Boeing CEO: We're Going to Beat Elon Musk to Mars
Boeing CEO Dennis Muilenburg made a bold claim about his company’s chances to put a human on Mars before Elon Musk, who has high-profile plans of his own with SpaceX.
On CNBC Thursday morning, host Jim Cramer asked Muilenburg whether he or Musk would “get a man on Mars first.”
“Eventually we’re going to go to Mars and I firmly believe the first person that sets foot on Mars will get there on a Boeing rocket,” Muilenburg responded.
Ahead of that statement, he briefly outlined the buildup to Boeing’s Mars mission.
“We’re working on that next generation rocket right now with our NASA customers called ‘Space Launch System,'” Muilenburg said. “This is a rocket that’s about 36 stories tall, we’re in the final assembly right now, down near New Orleans. And we’re going to take a first test flight in 2019 and we’re going to do a slingshot mission around the moon.”

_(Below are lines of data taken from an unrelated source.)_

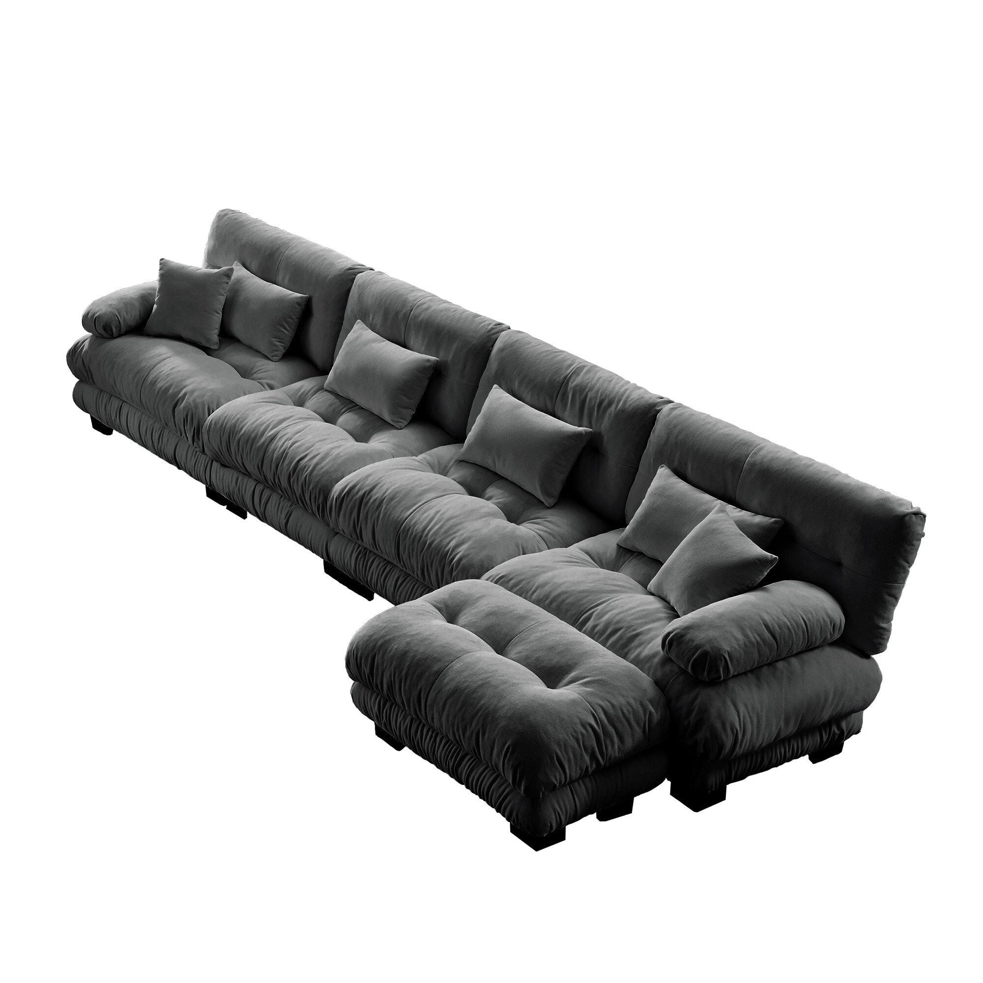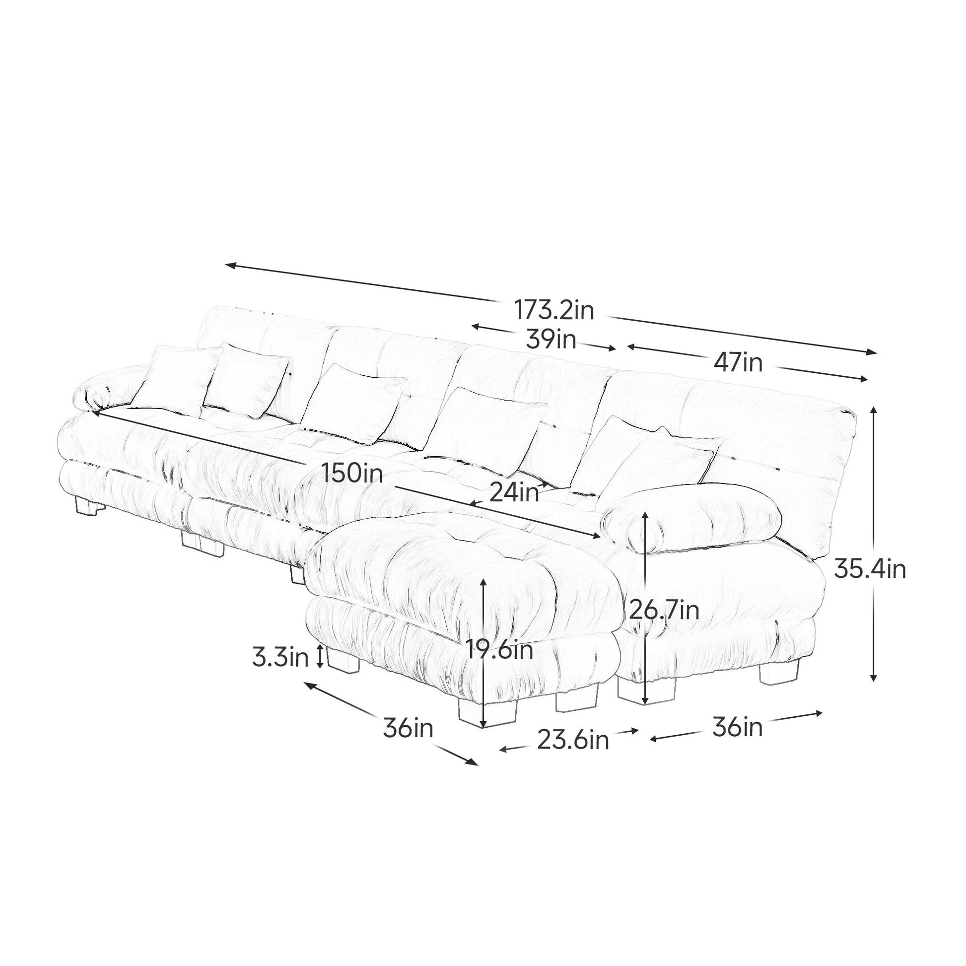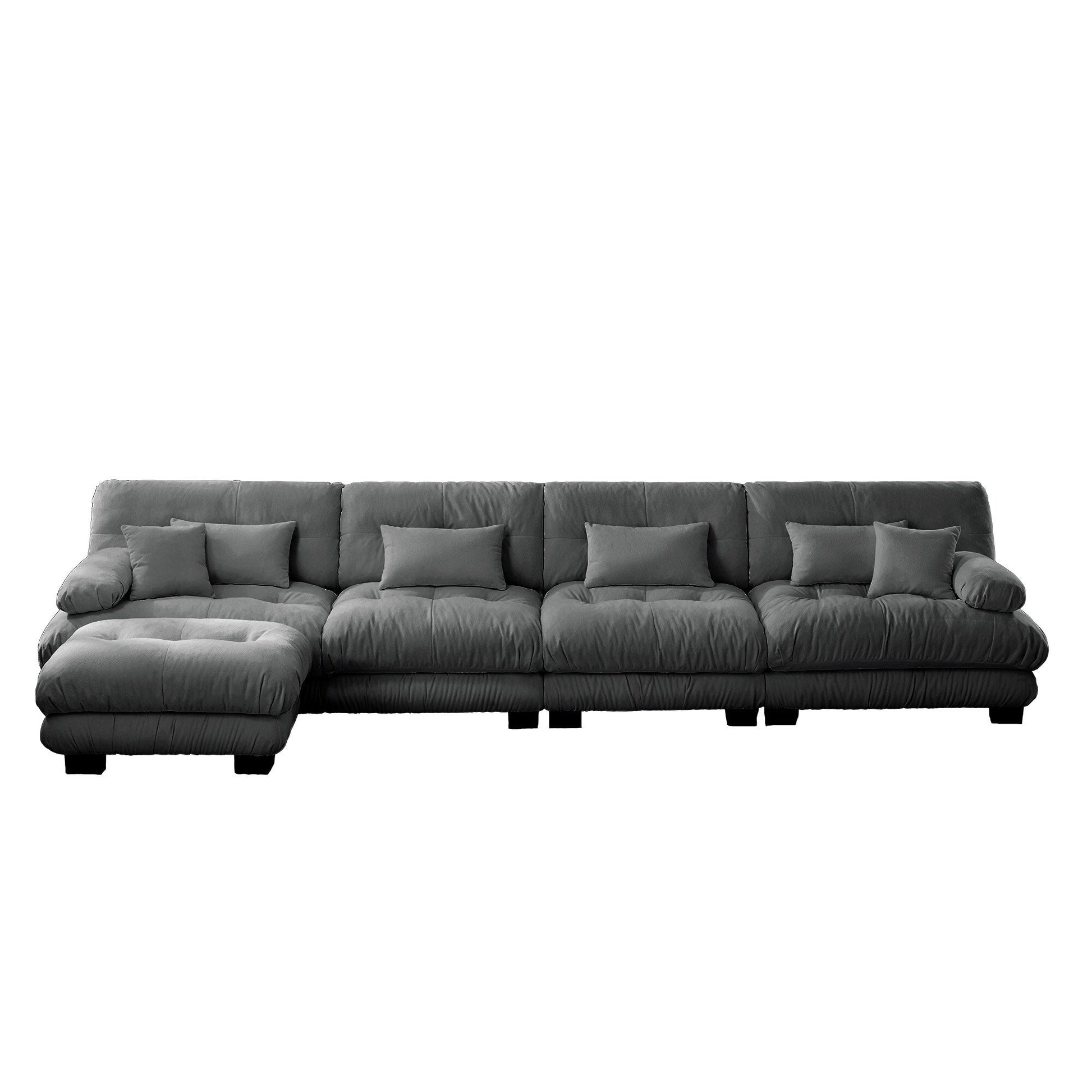 This modular L-shaped chenille sofa features deep seating, cloud-like comfort, and flexible arrangements. Soft cushions and rounded pillow armrests enhance relaxation, while included ottomans allow easy reconfiguration for your space needs.
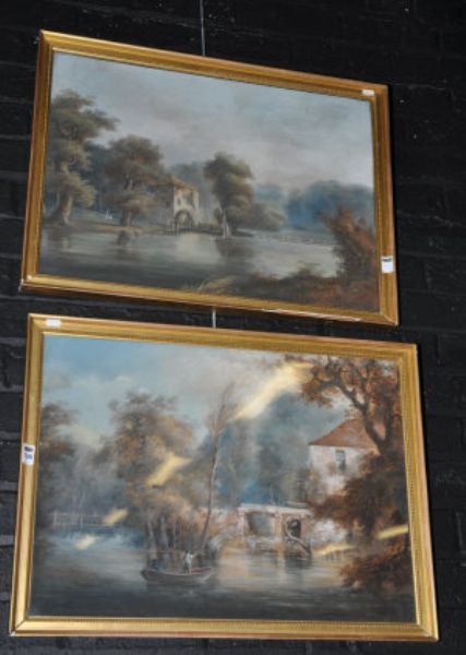Fishermen in a boat before a watermill, and figures at the same watermill
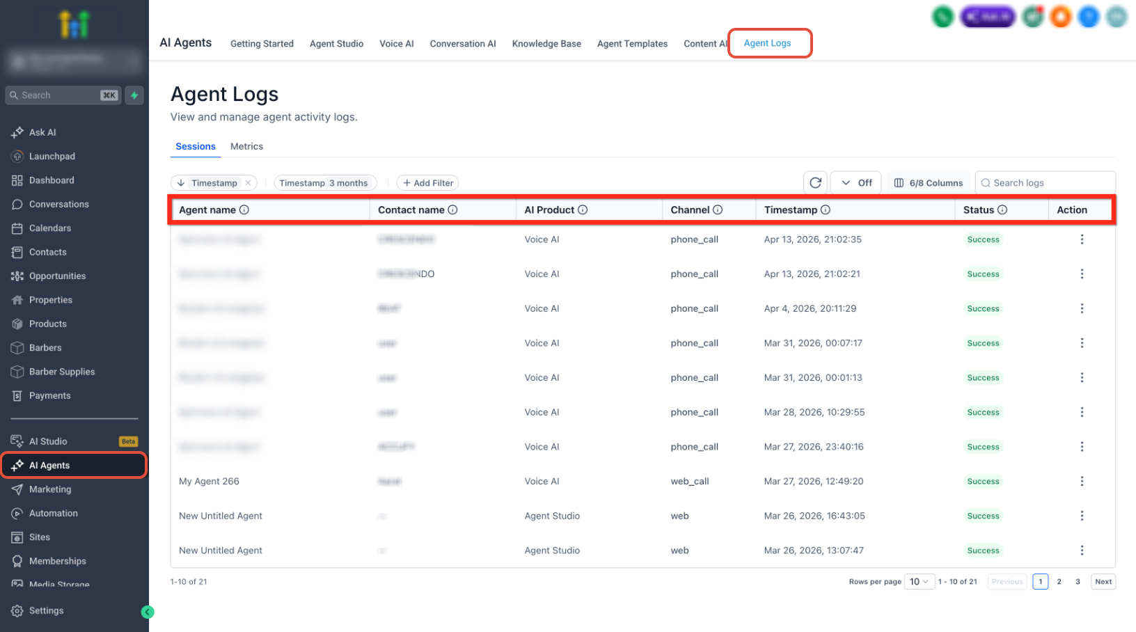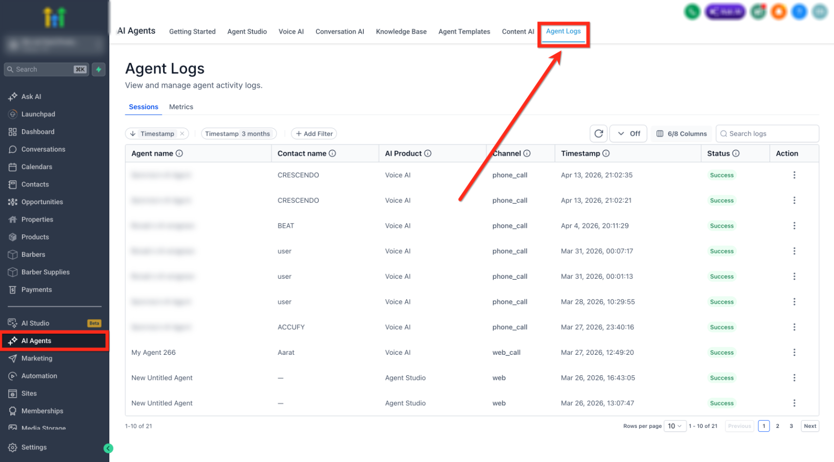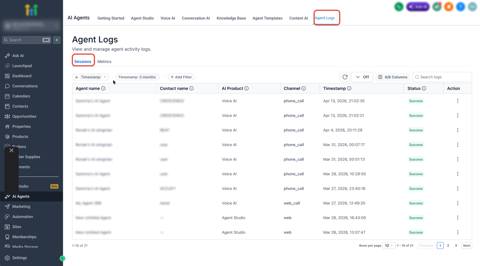 Agent Logs is a centralized view of AI interactions that shows conversation history, execution steps, timestamps, and system-level details. It allows you to analyze interactions from start to finish without guesswork.
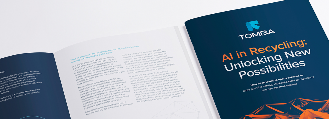 The eBook details how the powerful synergy achieved by combining deep learning with traditional sensors in optical sorters is unlocking new opportunities for the recovery of valuable resources, enhancing material purity and creating new revenue streams. This is exemplified by TOMRA's award-winning GAINnext™ solution for food-grade plastics recovery (for PET, PP and HDPE), PET and paper cleaning and high-purity recovery of aluminum Used Beverage Cans (UBC), as well as the capabilities of the PolyPerception AI-based waste analyzer in providing real-time, end-to-end object tracking and classification of waste streams.
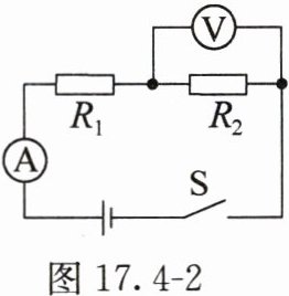 7. 如图17.4-2所示的电路中,电源两端的电压保持不变,一个定值电阻的电阻$R_{1}为10Ω$,当开关$S$闭合后,电压表的示数为$2V$,电流表的示数为$0.4A$。求:
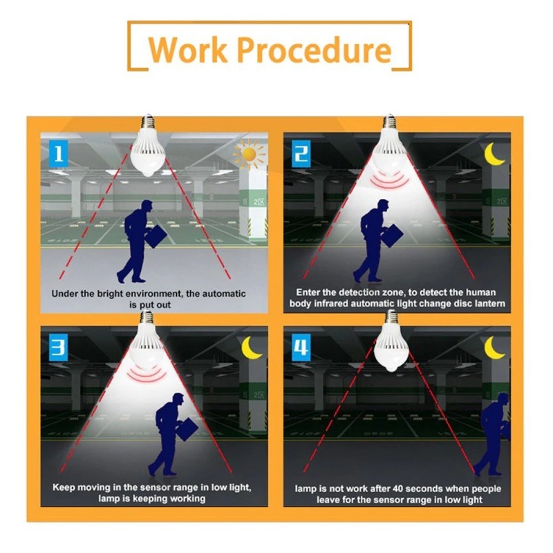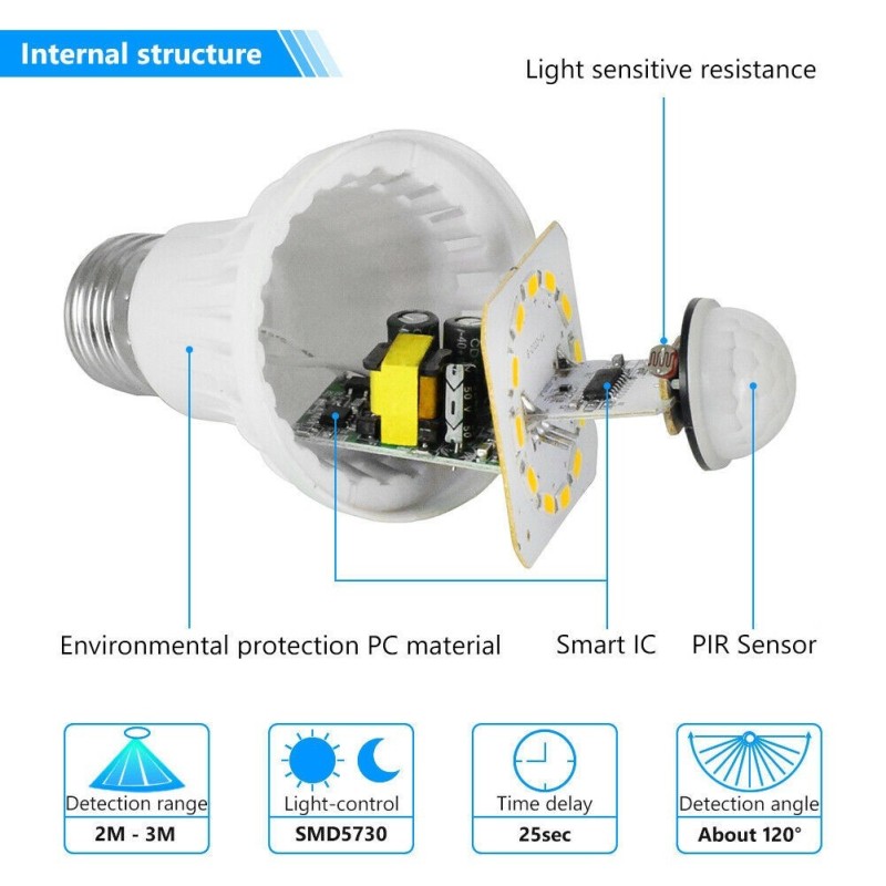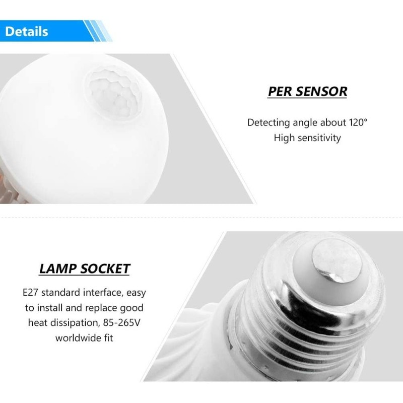 LED крушката със сензор за движение осигурява широк ъгъл на засичане от 120° и автоматично включване, когато е тъмно. След 30 секунди от последното движение, крушката автоматично изключва светлината, което ви дава допълнителна удобност и спестяване на енергия.
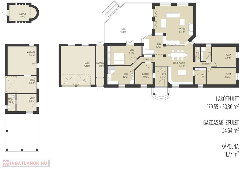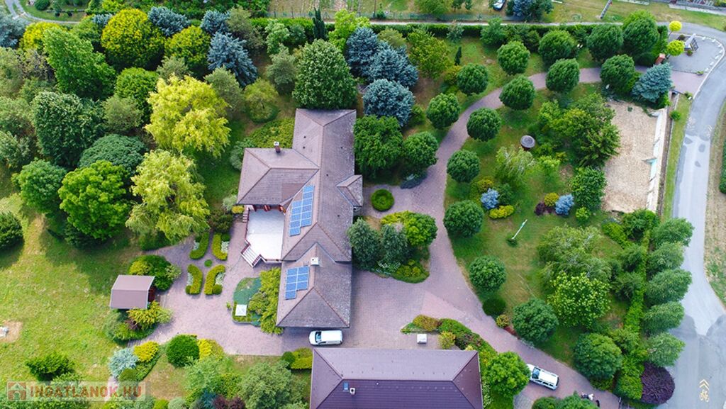Telek: Az épülethez számos melléképület kapcsolódik: kétállásos garázs, fedett kocsibeállók, tágas tárolók, kazánház, valamint egy külön épület, amely jelenleg nyárikonyhaként és fatárolóként funkcionál, de akár önálló lakórésszé is alakítható. A 15.000 m2-es telek teljesen körbekerített, három autóbejárattal, távirányítható kovácsoltvas kapukkal, térkövezett úthálózattal rendelkezik. A kert fenntartását fúrt kút 40m-es mélységgel, 25 méteres bőhozamú vízoszloppal és egy 20 m- es ásott kút, valamint egy 50 köbméteres esővízgyűjtő ciszterna segíti, az öntözőrendszer az egész területre ki van építve. A birtokon még egy betemetett, de bármikor használatba vehető kültéri medence is található teljes gépészettel, valamint pince és egy romantikus kerti filagória.
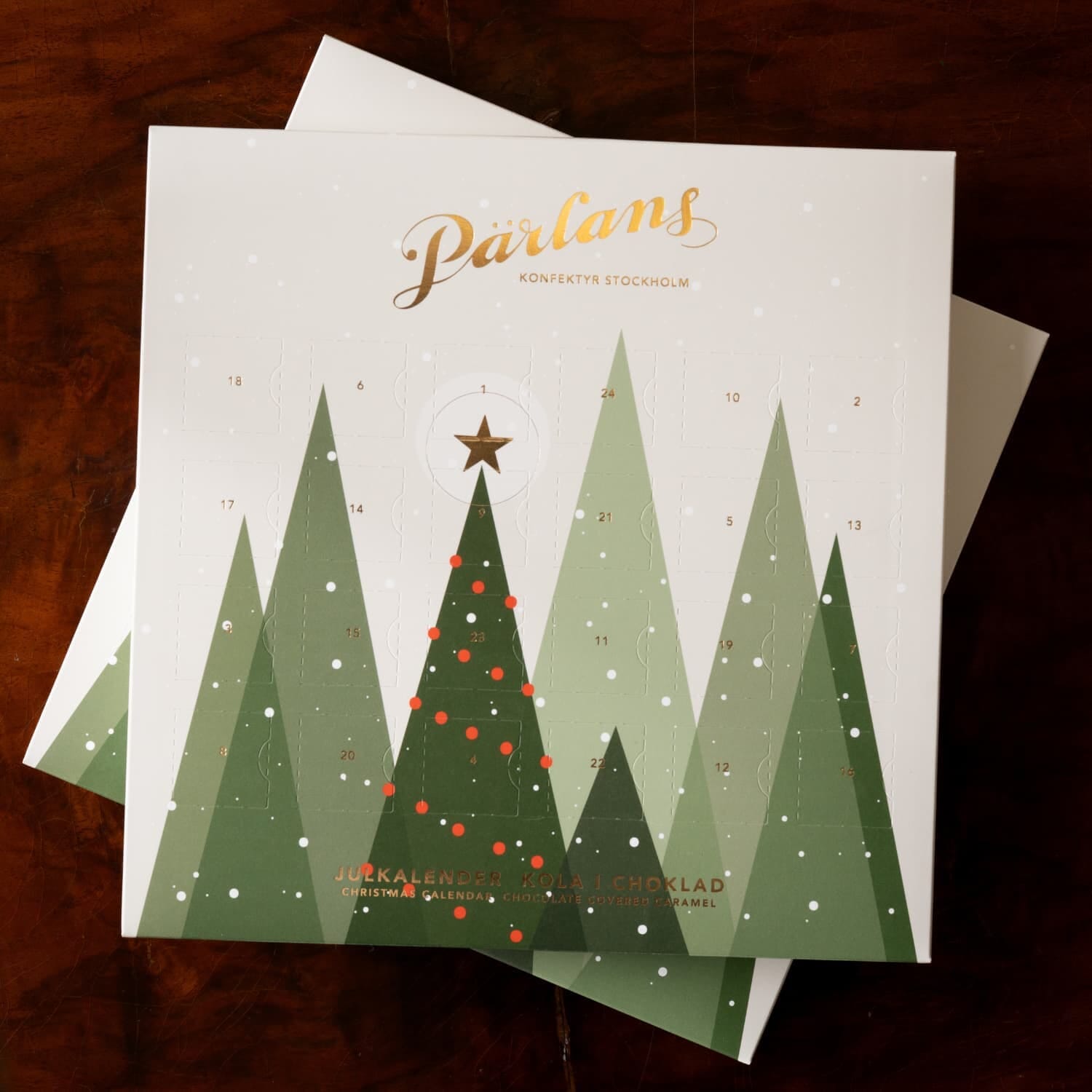 Pärlans Julekalender er en elegant og uimotståelig måte å telle ned dagene til jul på. Bak de 24 lukene skjuler det seg håndlagde karameller, alle dyppet i lys eller mørk økologisk sjokolade fra Malmö Chokladfabrik.
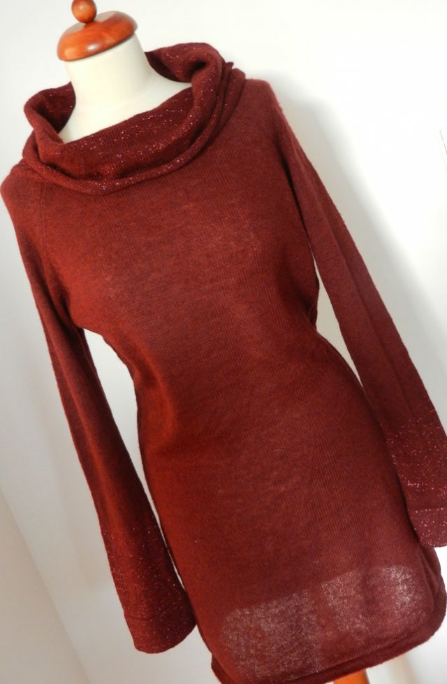 Ciepła, mięciutka, dzianinowa sukienka w pięknym bordowym kolorze.
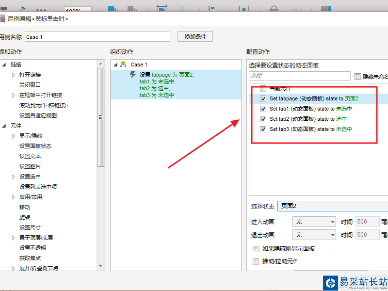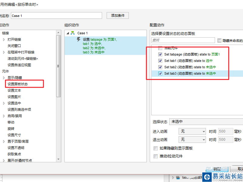 9、根據圖示,設置tab1/tab2/tab3的交互事件,添加思路:點擊tab1設置 tab1狀態為選中,其他為非選中,設置tabpage為頁面1,依次類推,進行設置:
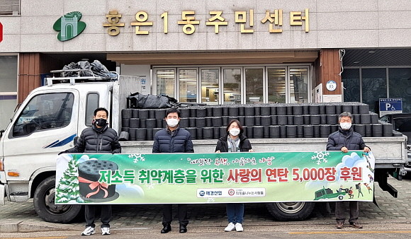 애경산업은 이번 전달식에서 코로나19로 어려움을 겪고 있는 취약계층을 위해 연탄 5000장을 지원했다. 연탄은 홍은1동에 거주하는 취약계층 주민들에게 배달될 예정이다.

This is not the first time Muilenburg has challenged Musk’s plans to initiate human travel to Mars. At a tech conference last year in Chicago, Muilenburg echoed a nearly identical sentiment. “I’m convinced that the first person to step foot on Mars will arrive there riding on a Boeing rocket,” he said, according to Bloomberg.
In recent years, Musk has generally been recognized as the face of mankind’s goal to colonize Mars due to his celebrity status. He presented an update on his Mars plan as recently as September in a speech at the International Astronautical Congress called “Making Life Multiplanetary.” According to Musk, SpaceX could begin its mission to Mars by 2022.
“I can’t think of anything more exciting than going out there and being among the stars,” Musk said at the time.